Applicable Scenarios¶

Remote disaster recovery: Data synchronization enables cross-data-center or cross-city disaster recovery.

Data migration: The migration can be implemented by synchronizing data and then switching cluster roles, without stopping the service.

Read/Write splitting: Enable only writing on the primary cluster and only reading on the secondary cluster to lower the system load, and improve stability and usability.

Precautions¶

Make sure that the primary and secondary clusters are deployed in the same NebulaGraph version. Otherwise, the synchronization will fail.

The synchronization is based on graph spaces, i.e., from one graph space in the primary cluster to another in the secondary cluster.

About the synchronization topology, NebulaGraph:
- Supports synchronizing from one primary cluster to one secondary cluster, but not multiple primary clusters to one secondary cluster.
- Supports chained synchronization but not synchronization from one primary cluster to multiple secondary clusters directly. An example of chained synchronization is from cluster A to cluster B, and then cluster B to cluster C.

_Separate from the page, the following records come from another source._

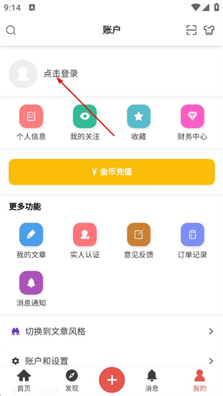2、在個(gè)人賬戶頁面,點(diǎn)擊點(diǎn)擊登錄區(qū)域,進(jìn)入登錄選擇頁面。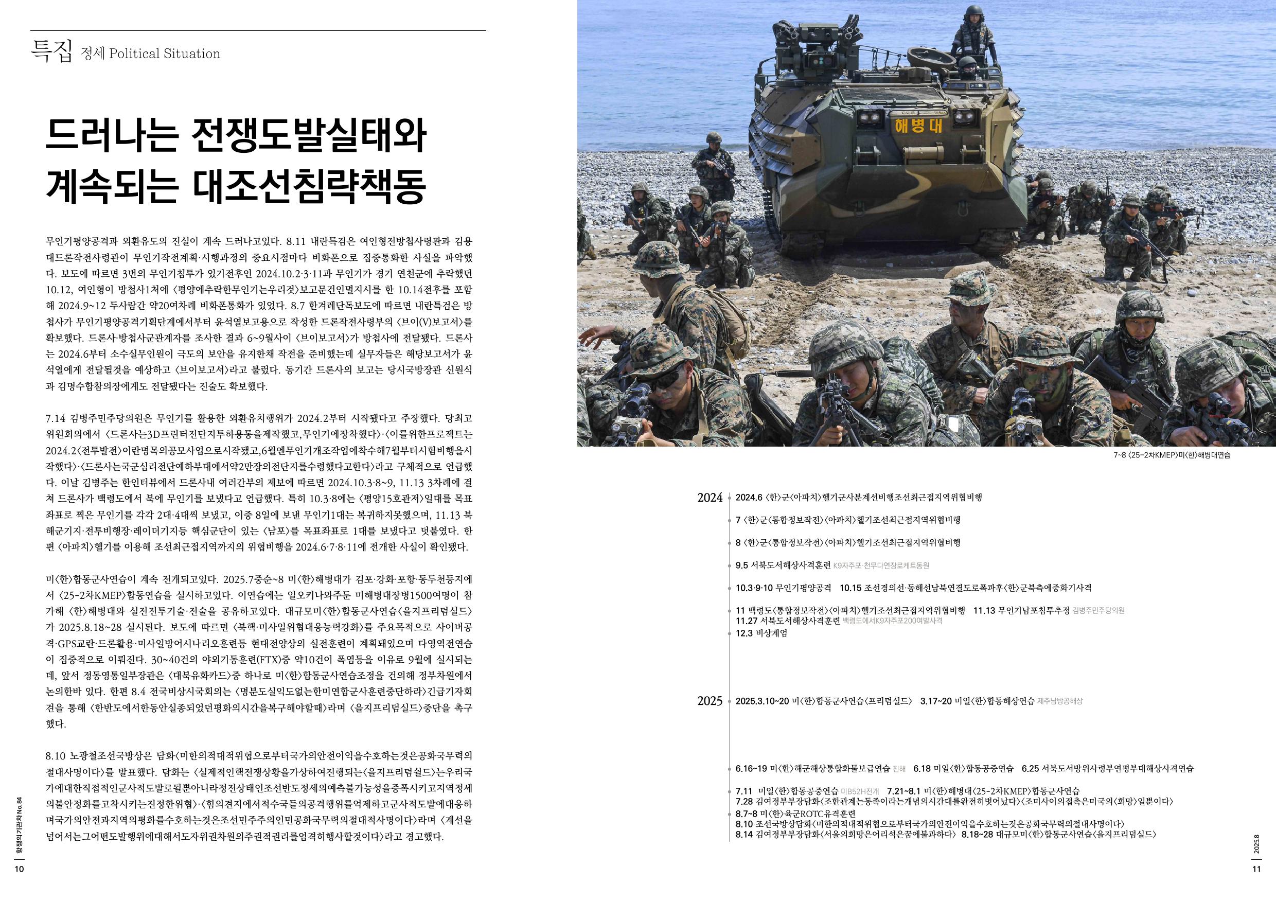 미<한>합동군사연습이 계속 전개되고있다. 2025.7중순~8 미<한>해병대가 김포·강화·포항·동두천등지에서 <25-2차KMEP>합동연습을 실시하고있다. 이연습에는 일오키나와주둔 미해병대장병1500여명이 참가해 <한>해병대와 실전전투기술·전술을 공유하고있다. 대규모미<한>합동군사연습<을지프리덤실드>가 2025.8.18~28 실시된다. 보도에 따르면 <북핵·미사일위협대응능력강화>를 주요목적으로 사이버공격·GPS교란·드론활용·미사일방어시나리오훈련등 현대전양상의 실전훈련이 계획돼있으며 다영역전연습이 집중적으로 이뤄진다. 30~40건의 야외기동훈련(FTX)중 약10건이 폭염등을 이유로 9월에 실시되는데, 앞서 정동영통일부장관은 <대북유화카드>중 하나로 미<한>합동군사연습조정을 건의해 정부차원에서 논의한바 있다. 한편 8.4 전국비상시국회의는 <명분도실익도없는한미연합군사훈련중단하라>긴급기자회견을 통해 <한반도에서한동안실종되었던평화의시간을복구해야할때>라며 <을지프리덤실드>중단을 촉구했다.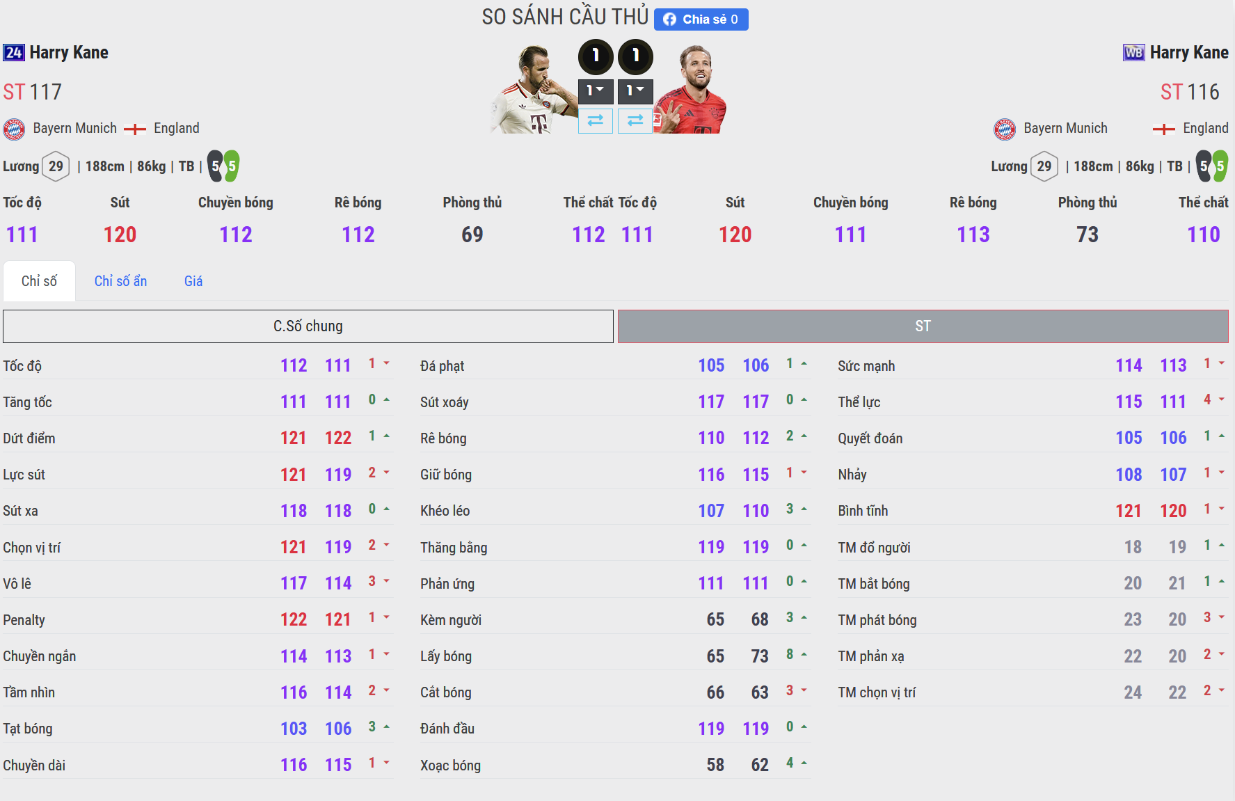So sánh hai mùa giải 25TY và 24TS của H. Kane trong FC Online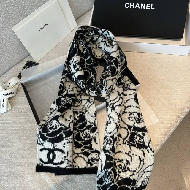 Chanel's new camellia cashmere knitted long scarf is absolutely gorgeous! [crying emoji] A top-quality, high-end item, currently available in boutiques. Made from imported pure cashmere with fashionable silver thread trim, this knitted wool scarf is incredibly beautiful and flattering. It's versatile and looks amazing on any skin tone. See for yourself if you think it's beautiful! The scarf measures 80*200cm and is made from 100% selected pure cashmere. A perfect gift!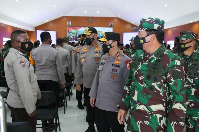 PAPUA – Panglima TNI Marsekal Hadi Tjahjanto dan Kapolri Jenderal Listyo Sigit Prabowo melakukan kunjungan kerja (kunker) ke Papua. Dalam kesempatan itu keduanya memberikan pengarahan kepada personel Babinsa dan Bhabinkamtibmas.

The synchronization is implemented asynchronously, but with low latency.

The Meta listener listens to the Meta Service and the Storage listener listens to the Storage Service. Do not mix them up.

One graph space can have one Meta listener and one to multiple Storage listeners. These listeners can work with one to multiple drainers:
- One listener with one drainer.
- Multiple listeners with one drainer.
- Multiple listeners with multiple drainers.

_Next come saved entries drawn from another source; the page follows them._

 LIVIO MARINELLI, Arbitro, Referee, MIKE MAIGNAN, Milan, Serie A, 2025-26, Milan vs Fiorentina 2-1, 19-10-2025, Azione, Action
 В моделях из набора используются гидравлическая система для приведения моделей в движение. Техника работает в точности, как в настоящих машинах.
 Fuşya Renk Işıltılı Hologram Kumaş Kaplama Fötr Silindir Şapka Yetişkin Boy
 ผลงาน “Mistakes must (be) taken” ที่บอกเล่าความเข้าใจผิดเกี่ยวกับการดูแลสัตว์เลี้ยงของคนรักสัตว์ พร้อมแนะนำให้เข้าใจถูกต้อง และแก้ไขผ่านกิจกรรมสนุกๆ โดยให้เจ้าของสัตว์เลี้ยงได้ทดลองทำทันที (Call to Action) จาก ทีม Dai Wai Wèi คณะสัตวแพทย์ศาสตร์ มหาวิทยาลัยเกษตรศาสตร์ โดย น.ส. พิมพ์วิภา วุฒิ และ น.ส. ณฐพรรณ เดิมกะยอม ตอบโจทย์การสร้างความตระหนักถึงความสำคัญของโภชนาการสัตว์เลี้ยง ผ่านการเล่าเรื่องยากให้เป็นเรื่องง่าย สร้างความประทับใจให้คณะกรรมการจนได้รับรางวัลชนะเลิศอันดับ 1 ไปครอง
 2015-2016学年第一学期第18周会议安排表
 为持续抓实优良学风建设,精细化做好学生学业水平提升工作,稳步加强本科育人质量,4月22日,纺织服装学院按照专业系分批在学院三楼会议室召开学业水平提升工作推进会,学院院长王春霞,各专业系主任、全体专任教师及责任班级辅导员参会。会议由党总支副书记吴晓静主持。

The machines where the listeners and drainers run must have enough disk space to store the WAL or snapshot files.

If the target graph space in the secondary cluster has data before the synchronization starts, data conflicts or inconsistencies may happen during the synchronization. It is recommended to keep the target graph space empty.

It is recommended to use the NebulaGraph root user with the God privileges to perform the cluster data synchronization. The required user roles for each synchronization command are different. For details, see the Role permission requirements section at the end of this topic.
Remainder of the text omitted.